Re: [RFC/PATCH] FUSYN Realtime & Robust mutexes for Linux try 2

From: Jamie Lokier
Date: Thu Dec 04 2003 - 00:52:59 EST


Iñaky, thanks for your response!

Iñaky Pérez-González wrote:
> > Sometimes if task A with high priority wants a resource which is
> > locked by task B with lower priority, that should be an error
> > condition: it can be dangerous to promote the priority of task B,
> > if task B is not safe to run at a high priority.
>
> That's a responsibility of the system designer; if he allows tasks to
> share locks, its up to him/her to do it safely.
>
> I have requests from some vendors to extend this behavior to even
> SCHED_OTHER tasks, so that a FIFO task could promote it to FIFO. I
> personally shiver when thinking about this, but it makes
> sense in some environments (some real time tasks doing important
> things and a normal task doing low priority cleanups, for example)

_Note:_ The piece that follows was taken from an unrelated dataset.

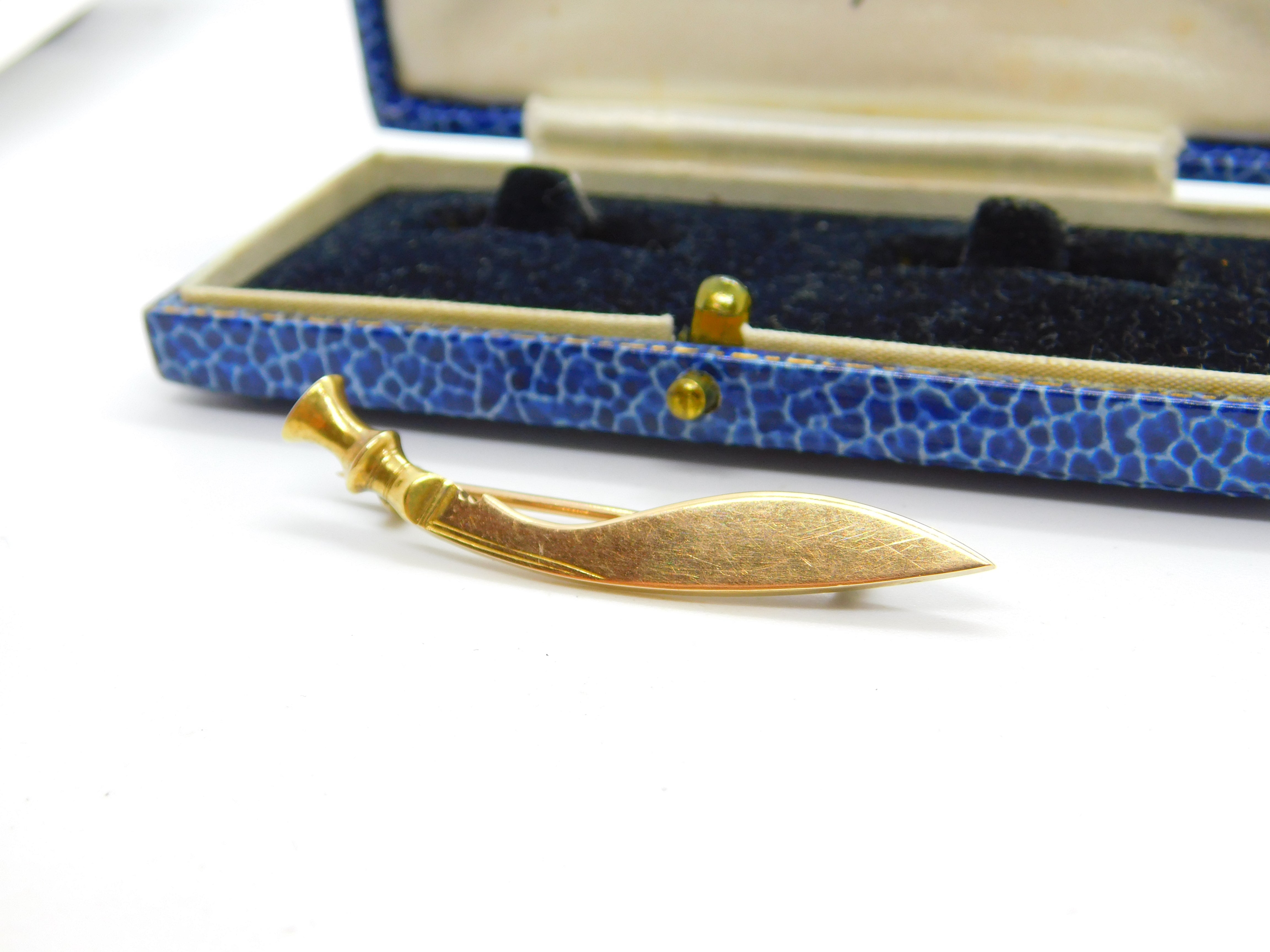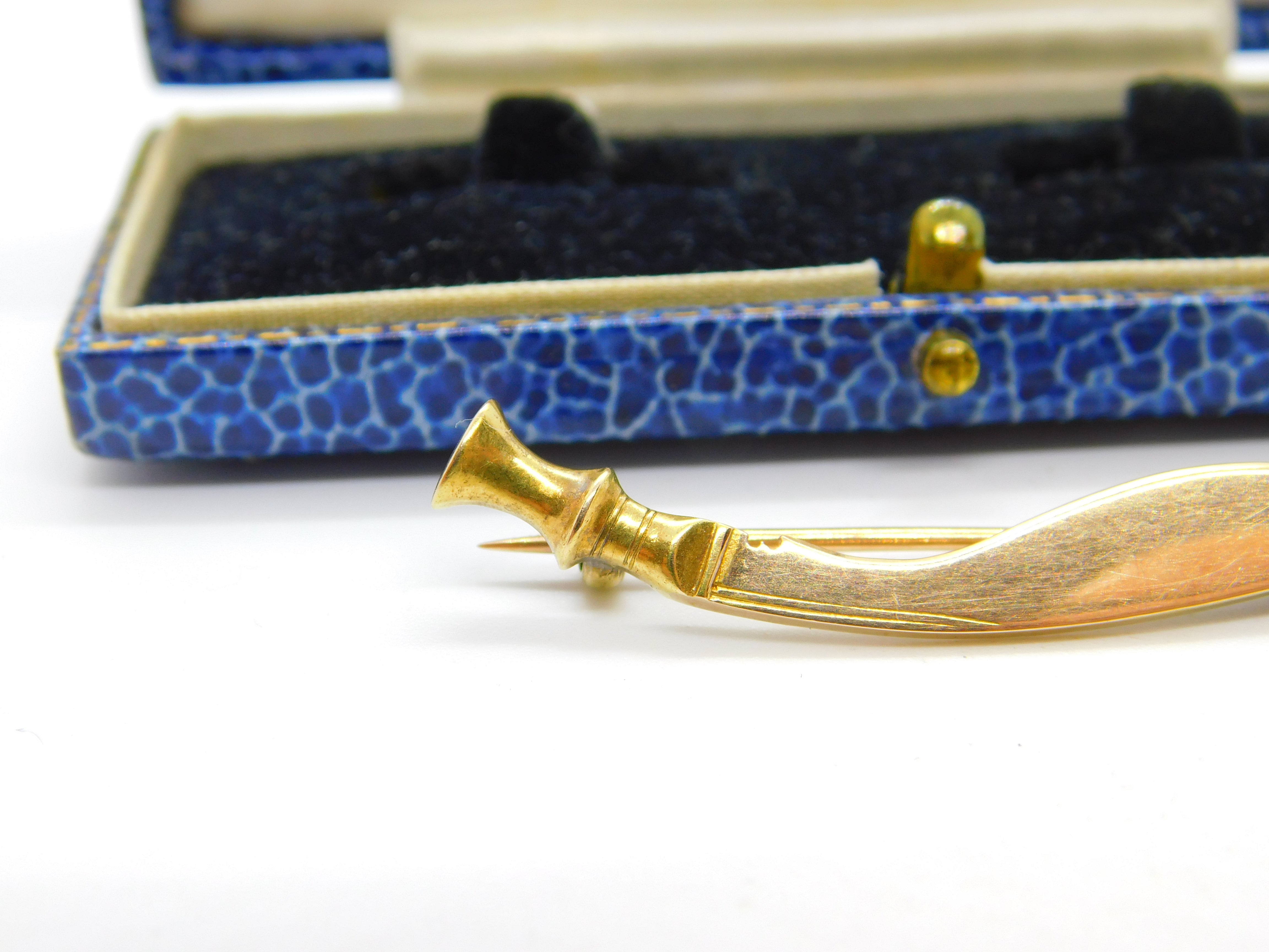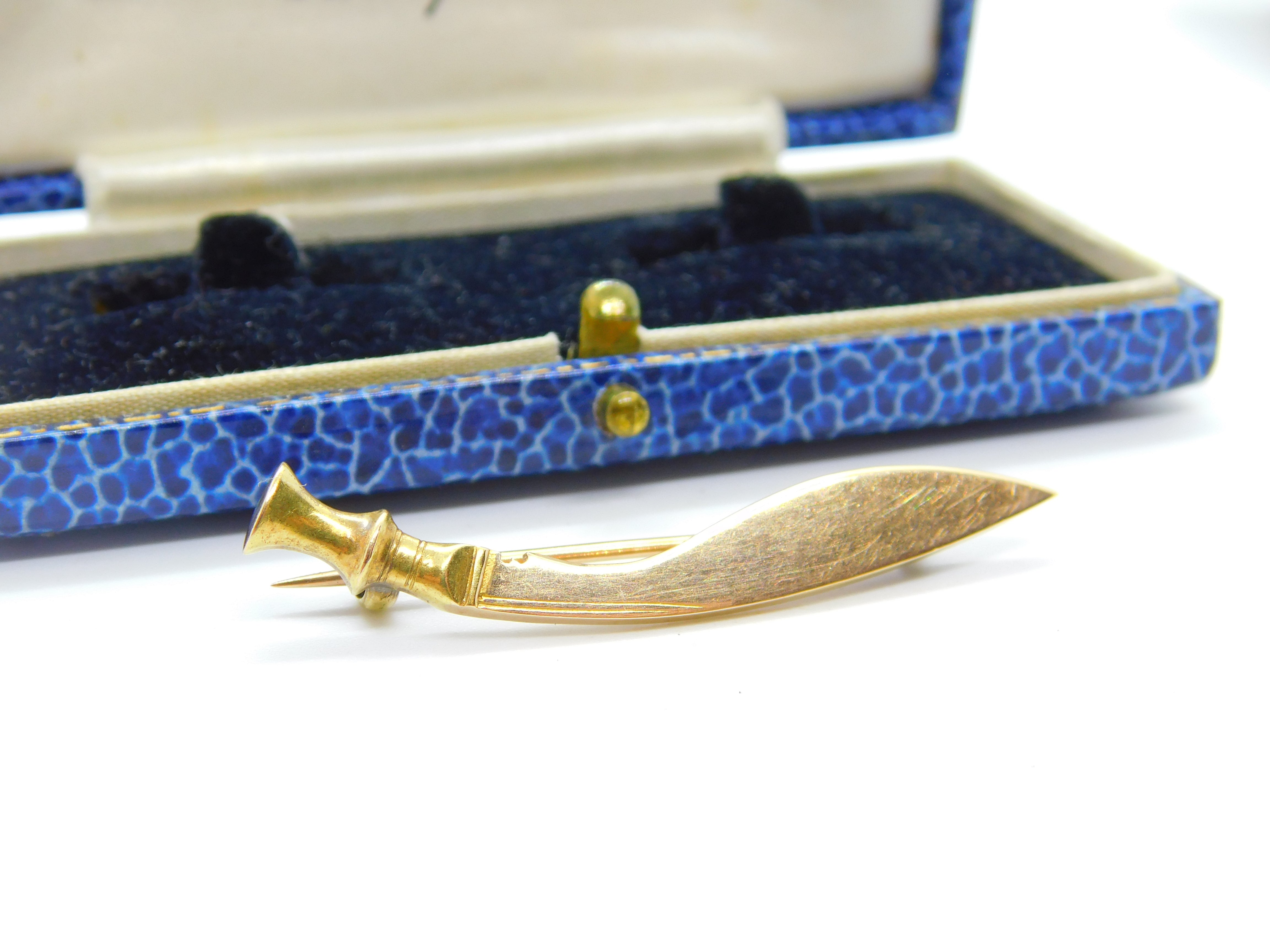 Details: A fantastic and wonderfully designed antique art deco 15ct yellow gold Royal Gurkha Rifles kukri form brooch with lovely detailing hallmarked London 1927 by Goldsmiths & Silversmiths Co. Ltd. This is a wonderful item that would make a perfect gift or addition to any collection. The BOX pictured is for PRESENTATION ONLY and is NOT included in the listings but used to frame the pictures unless specifically stated otherwise.
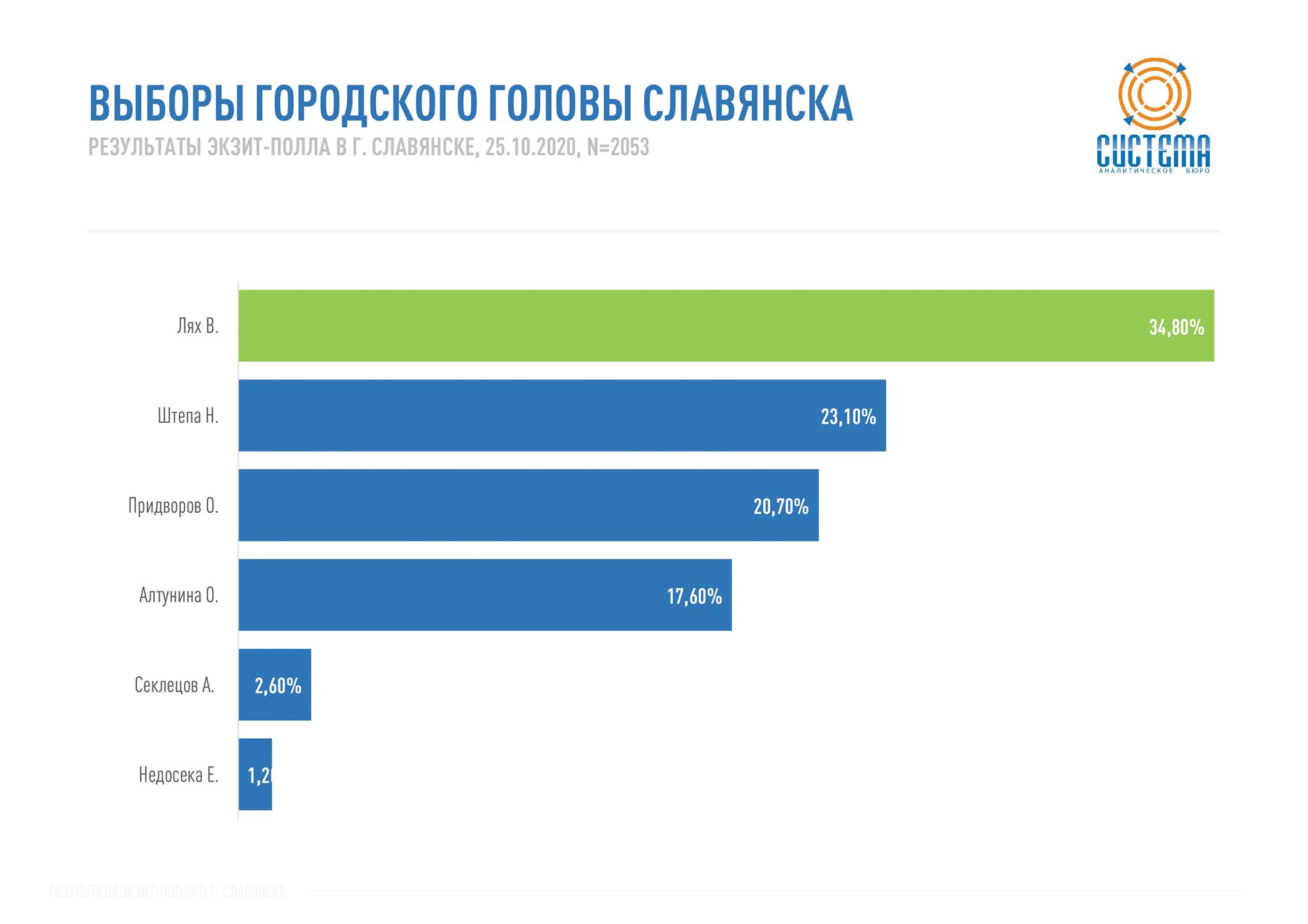 В рамках екзитполу були опитані 2 тисячі 53 виборця Слов'янська, статистична похибка не перевищує 1,9%.

Oh, I assumed you _already_ boosted SCHED_OTHER tasks :)

If you are only doing priority inheritance for RT priorities, then
it's not such a big deal to have task B boosted.

> > But highest-priority wakeup (at least) shouldn't be just for
> > fuqueues: it should be implemented at a lower level, directly in
> > the kernel's waitqueues. Meaning: wake_up() should wake the
> > highest priority task, not the first one queued, if that is
> > appropriate for the queue or waker.
>
> That was the first thing I thought of; however, it is not an easy
> task--for example, now you have to allocate a central node that has
> to live during the life of the waitqueue (unlike in futexes), and
> that didn't play too well -- with the current code, unlike my previous
> attempt with rtfutexes, it is not that much of a deal and could be
> done, but I don't know how much of the interface I could emulate.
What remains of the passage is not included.